• **Exercise brief**:
Nothing outside the range below should be printed. Output exactly the lines from the line with "[ポイント]顔周りと首元に細" to the line with "Pala Bordada Verde com Cruz e Uvas", both included.

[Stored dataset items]
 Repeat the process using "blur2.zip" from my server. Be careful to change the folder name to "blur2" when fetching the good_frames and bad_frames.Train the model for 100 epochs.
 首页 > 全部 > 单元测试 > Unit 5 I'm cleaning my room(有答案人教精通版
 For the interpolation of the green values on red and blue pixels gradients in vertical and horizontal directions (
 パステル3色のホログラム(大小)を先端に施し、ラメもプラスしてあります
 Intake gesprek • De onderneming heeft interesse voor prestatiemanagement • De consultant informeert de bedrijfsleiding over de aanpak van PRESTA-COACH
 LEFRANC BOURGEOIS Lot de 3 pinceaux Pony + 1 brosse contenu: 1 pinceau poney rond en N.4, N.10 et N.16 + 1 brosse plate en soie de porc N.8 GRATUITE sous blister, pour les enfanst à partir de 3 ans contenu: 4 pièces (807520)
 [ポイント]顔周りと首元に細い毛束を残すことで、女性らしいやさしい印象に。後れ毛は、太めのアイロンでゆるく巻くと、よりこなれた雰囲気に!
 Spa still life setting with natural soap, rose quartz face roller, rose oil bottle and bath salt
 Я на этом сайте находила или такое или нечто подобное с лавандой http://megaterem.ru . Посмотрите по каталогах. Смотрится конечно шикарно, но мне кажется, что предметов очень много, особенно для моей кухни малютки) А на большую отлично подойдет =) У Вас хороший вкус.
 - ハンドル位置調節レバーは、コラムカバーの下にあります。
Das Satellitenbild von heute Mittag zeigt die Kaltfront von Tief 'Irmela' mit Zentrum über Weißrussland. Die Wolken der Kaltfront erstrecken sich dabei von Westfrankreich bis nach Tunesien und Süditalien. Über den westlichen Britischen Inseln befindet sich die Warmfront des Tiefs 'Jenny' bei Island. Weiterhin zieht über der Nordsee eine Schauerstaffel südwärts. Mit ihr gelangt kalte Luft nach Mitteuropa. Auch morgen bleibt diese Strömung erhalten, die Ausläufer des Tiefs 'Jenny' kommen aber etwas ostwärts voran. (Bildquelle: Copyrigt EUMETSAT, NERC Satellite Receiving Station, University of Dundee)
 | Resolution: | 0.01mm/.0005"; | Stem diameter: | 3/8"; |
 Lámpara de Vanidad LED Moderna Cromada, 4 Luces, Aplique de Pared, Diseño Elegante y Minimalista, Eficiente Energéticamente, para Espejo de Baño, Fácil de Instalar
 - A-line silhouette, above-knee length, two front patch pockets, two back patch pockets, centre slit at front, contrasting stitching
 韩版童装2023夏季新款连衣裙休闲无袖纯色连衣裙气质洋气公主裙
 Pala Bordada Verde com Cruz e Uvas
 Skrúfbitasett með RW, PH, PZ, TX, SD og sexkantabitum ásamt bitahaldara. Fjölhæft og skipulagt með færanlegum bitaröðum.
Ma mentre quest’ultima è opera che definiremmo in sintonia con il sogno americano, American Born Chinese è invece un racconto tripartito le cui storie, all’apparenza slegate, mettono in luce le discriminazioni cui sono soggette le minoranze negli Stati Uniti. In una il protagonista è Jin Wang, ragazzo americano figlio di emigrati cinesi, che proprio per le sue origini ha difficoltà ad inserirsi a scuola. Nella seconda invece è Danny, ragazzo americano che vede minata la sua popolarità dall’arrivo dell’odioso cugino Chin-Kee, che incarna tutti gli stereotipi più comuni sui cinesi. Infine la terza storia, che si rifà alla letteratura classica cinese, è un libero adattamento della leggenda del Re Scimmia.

• **Task result**:
 [ポイント]顔周りと首元に細い毛束を残すことで、女性らしいやさしい印象に。後れ毛は、太めのアイロンでゆるく巻くと、よりこなれた雰囲気に!
 Spa still life setting with natural soap, rose quartz face roller, rose oil bottle and bath salt
 Я на этом сайте находила или такое или нечто подобное с лавандой http://megaterem.ru . Посмотрите по каталогах. Смотрится конечно шикарно, но мне кажется, что предметов очень много, особенно для моей кухни малютки) А на большую отлично подойдет =) У Вас хороший вкус.
 - ハンドル位置調節レバーは、コラムカバーの下にあります。
Das Satellitenbild von heute Mittag zeigt die Kaltfront von Tief 'Irmela' mit Zentrum über Weißrussland. Die Wolken der Kaltfront erstrecken sich dabei von Westfrankreich bis nach Tunesien und Süditalien. Über den westlichen Britischen Inseln befindet sich die Warmfront des Tiefs 'Jenny' bei Island. Weiterhin zieht über der Nordsee eine Schauerstaffel südwärts. Mit ihr gelangt kalte Luft nach Mitteuropa. Auch morgen bleibt diese Strömung erhalten, die Ausläufer des Tiefs 'Jenny' kommen aber etwas ostwärts voran. (Bildquelle: Copyrigt EUMETSAT, NERC Satellite Receiving Station, University of Dundee)
 | Resolution: | 0.01mm/.0005"; | Stem diameter: | 3/8"; |
 Lámpara de Vanidad LED Moderna Cromada, 4 Luces, Aplique de Pared, Diseño Elegante y Minimalista, Eficiente Energéticamente, para Espejo de Baño, Fácil de Instalar
 - A-line silhouette, above-knee length, two front patch pockets, two back patch pockets, centre slit at front, contrasting stitching
 韩版童装2023夏季新款连衣裙休闲无袖纯色连衣裙气质洋气公主裙
 Pala Bordada Verde com Cruz e Uvas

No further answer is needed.